In the same report, domestic consumption for lentils was increased by 250,000 mt, while ending stocks were slashed from 700,000 to 450,000 mt. This brought the ending stocks/use ratio to a more acceptable level of 26% from the 44% level in previous forecasts. This would represent the lowest ending stocks in three years, although still higher than the previous five-year average which is 301,800 mt.

One sure sign of the price competitiveness for peas in the feed ration is seen in the Feed Pea Benchmark Bi-Weekly Report, produced by the three prairie pulse grower organizations, the latest issue released today. In this report, the economic value of feed peas in the ration is calculated, given the relative cost of other competing commodities. This week's benchmark is calculated at $326.59/mt in Alberta, $310.42 in Saskatchewan and $332.72 in Manitoba. While this benchmark is not necessarily the price paid for peas in the feed market, it is a price level that is competitive with the No. 2 or better export market bids for yellow peas, which provides access to larger volumes of product.

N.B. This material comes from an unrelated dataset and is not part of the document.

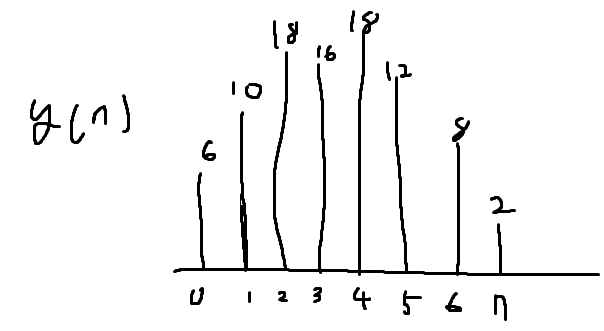 y[0] = h[-n]을 x[n]에 곂쳤을 때 곂치는 것을 곱해주고 더해주면된다. 즉, 3*2 = 6

While the tightening of stocks has not led to noticeable price increases, with yellow peas in the $8.50 to $9/bu. range in many areas of the Prairies and large green lentils at 20.5 cents/lb where they've been for some time, the balance of power is perhaps slowly shifting to the Canadian sellers, due to the tighter stocks which can be drawn from. Focus will remain on the development of the Indian rabi crop for potential market signals.